Fig. 3 is a flowchart of method steps implemented on a history information recording module according to an embodiment of the present disclosure, as shown in fig. 3, when a JobManager node is in a surviving state, that is, in an operating state, the operating state of the TASKMANAGER node is detected and recorded in real time by the history information recording module, and corresponding operation attribute information is updated in real time and saved according to a scheduling framework of a link job, which will be described in detail later. Meanwhile, the JobManager node checks whether the Flink job is to be exited or not through the history information recording module, if so, the TASKMANAGER state information is written into the log of the JobManager node, and then the JobManager node is exited.

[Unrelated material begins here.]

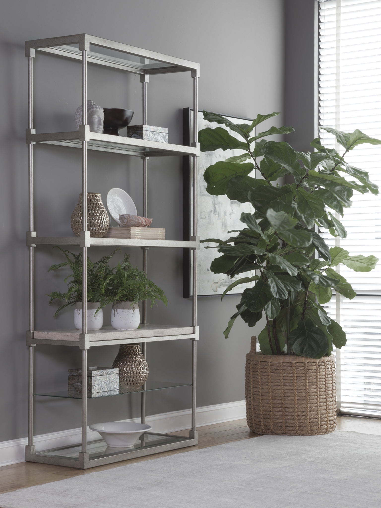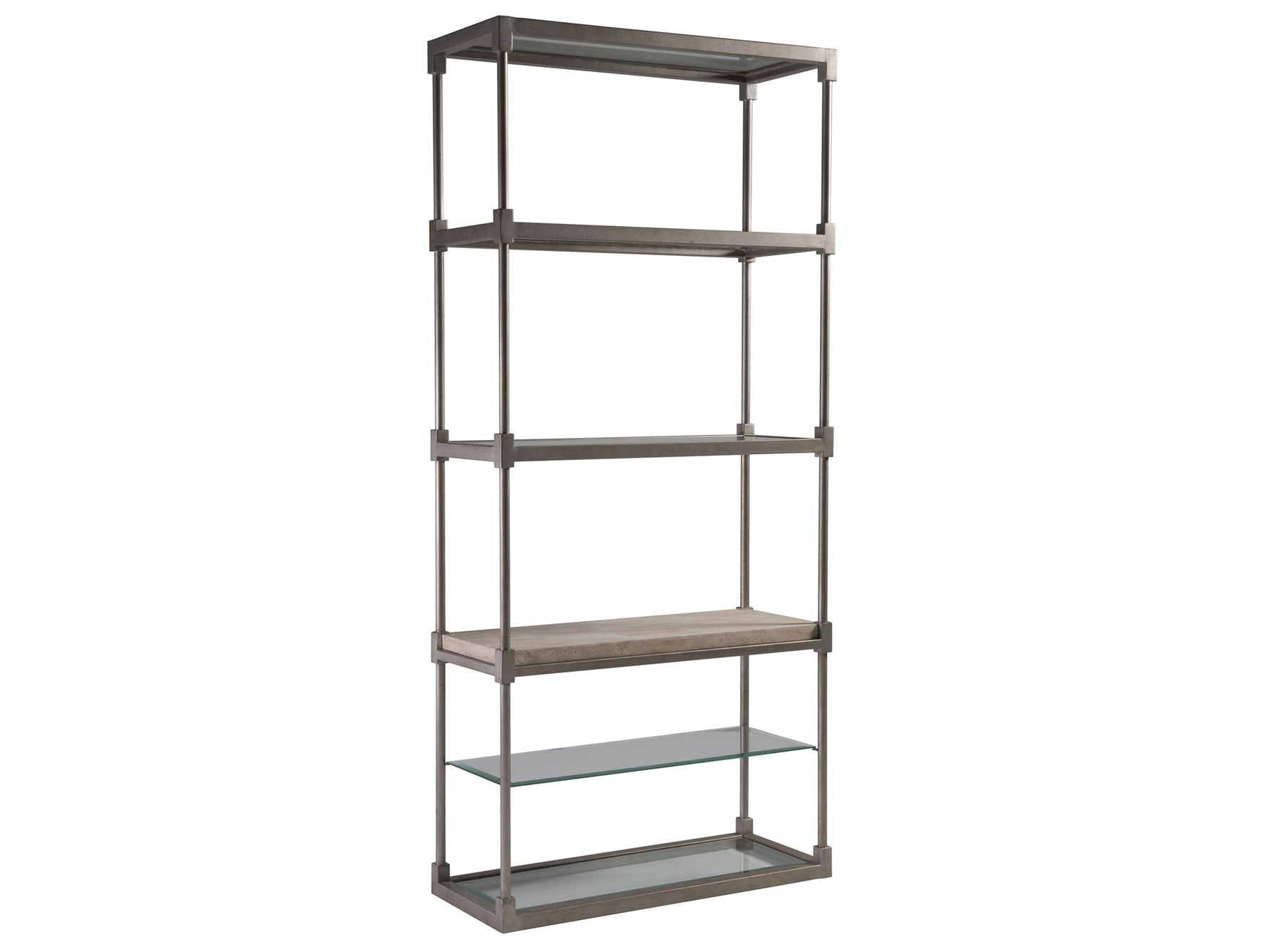 Unit price perTransitional design in antiqued silver leaf finished iron base with a sand travertine shelf and four tempered glass inset shelves with 1-inch bevel.

Illustratively, the storing the operation attribute information of each TASKMANAGER node according to the different scheduling frames of the link job includes: when the scheduling framework is a Yarn schedule, first operation attribute information in the Yarn schedule is stored, wherein the first operation attribute information comprises: the host name of the TASKMANAGER node when running, the container ID of the TASKMANAGER node when running, the user name of the Flink job, the IP of the resource manager node in the Yarn schedule, the port number of the management page service of the resource manager node in the Yarn schedule, the container is packaged with the Flink job, the running environment of the Flink job and the required resources, and the TASKMANAGER node executes the Flink job in the container.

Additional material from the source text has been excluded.